The move is likely to spell trouble for residents who have carried out illegal constructions during the last 12 years.
The last Regional Plan drawn by the Town and Country Planning Department was valid upto 2001. Thereafter the Regional Plans of 2011 and 2021 faced opposition and were dropped. The department is now in process of preparing the plan upto 2030.
“In the absence of Regional Plan, there are several constructions which have come up illegally in the state between 2005-17 without converting the lands or seeking permissions. We are compiling data of such structures,” Town and Country Planning Minister Vijai Sardesai told today.
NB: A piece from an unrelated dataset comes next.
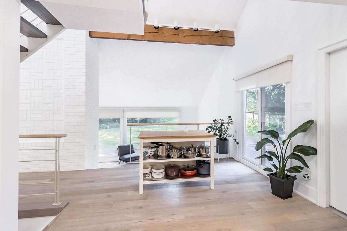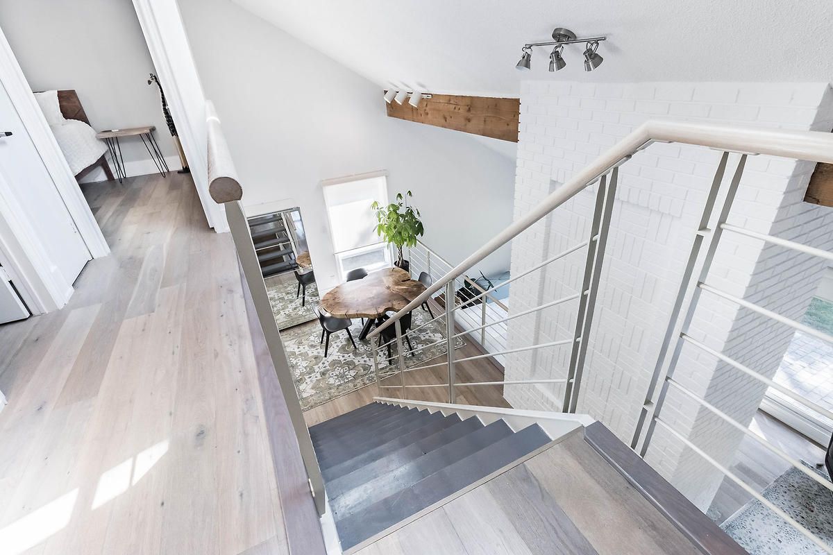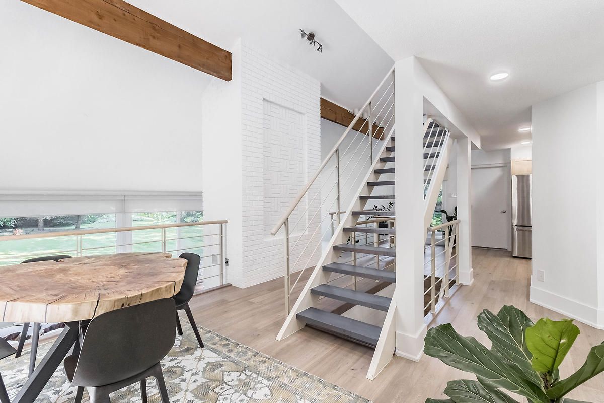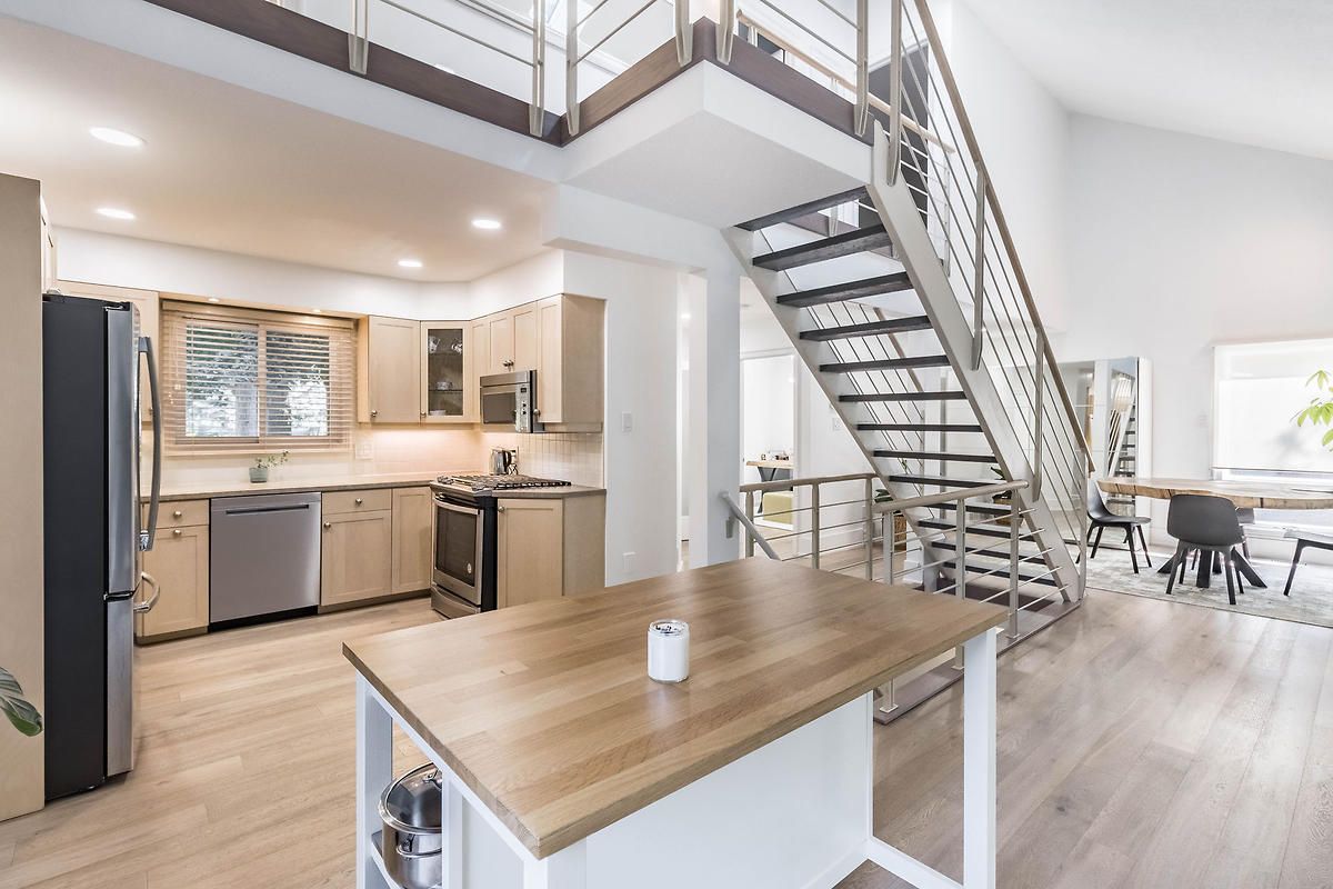 kitchen with eat in area and center island. Hardwood flooring, Open riser Staircase W/custom metal tube railing, Floor to ceiling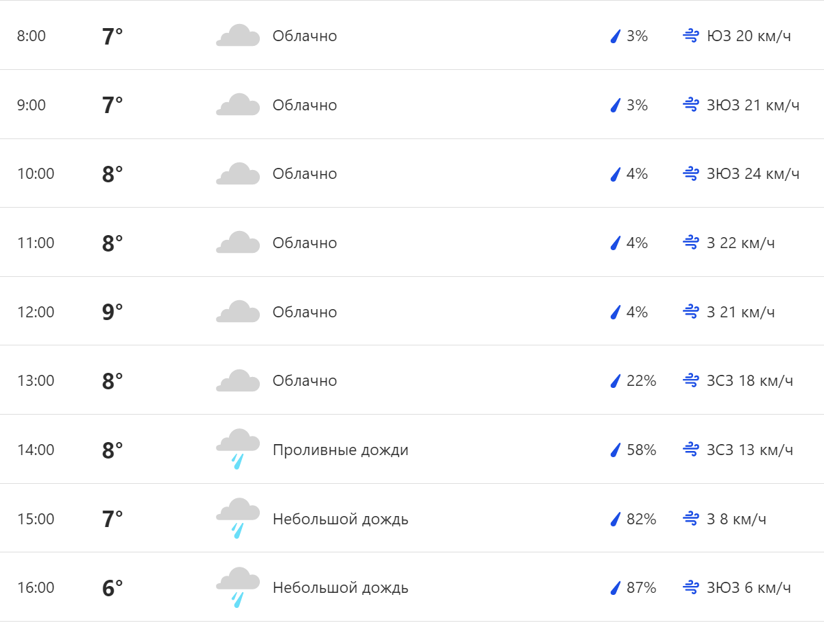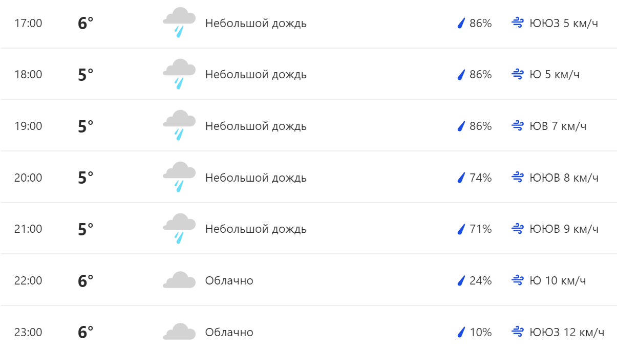 Утром в Киеве будет облачно, однако средняя температура воздуха достигнет 9°C уже к полудню. По данным метеостанции, после 13:00 киевляне будут наблюдать дождь, который лишь усилится к вечеру. Пиковые осадки ожидаются в период с 15:00 по 19:00. Жителей столицы также предупреждают о сильных порывах утром и днем.

“We are compiling the data of how much area could have been illegally converted between 2005-2017. Unplanned development and illegal sub division of plots is rampant everywhere in Goa specially in the orchard lands. We will have to rein this in,” the minister said.
“Since there was no regional plan people have developed their structure illegally. Now I am saying you come to us and we will consider it accordingly,” Sardesai said.
Blanket permissions will not be granted to these structures. The state government can work out certain means like the “amnesty scheme” for them, said the minister.
The town and country planning department will be using Google Mapping or comparing the records available with sub-registrar offices to compile the data of such structures.
Talking about the Regional Plan 2030 which will be a land use guide for the state, Sardesai said the backbone of this plan would be Transfer of Development Right (TDR) policy which will assign development rights to every property.
“Those developmental rights which can be transferred to designated area,” he said, adding, that assigning developmental rights to all properties is not an overnight job.
“It will take time. In the meantime, if you have urgency for development, we can consider on case to case basis,” he said.
The minister said that the work that has been done on the regional plan in the past would not be discarded fully.
“Whatever that has been done by the department in the past…Like in last five years they have reached conclusion for regional plan (RP) on Pernem, Canacona and Sattari, now all that work will not go waste.
“We will certainly consider all the work that has been put in. But the new RP 2030 will have to be based on a new policy,” he said.
Tightening the noose around the illegal conversions in absence of RP, Sardesai said “there is a section in town planning act which makes it mandatory for plots before being registered with the sub registrar to have NOC from the town and country planning department.”
“This practice was stopped by the then government because they thought this was being misused by Planning and Development Authorities (PDA) and town and country planning department. I think we will have to restart this process,” he said.
“When you come to register the plot you should have no objection certificate from PDA or Town and Country Planning department. Otherwise illegal development will continue,” Sardesai added.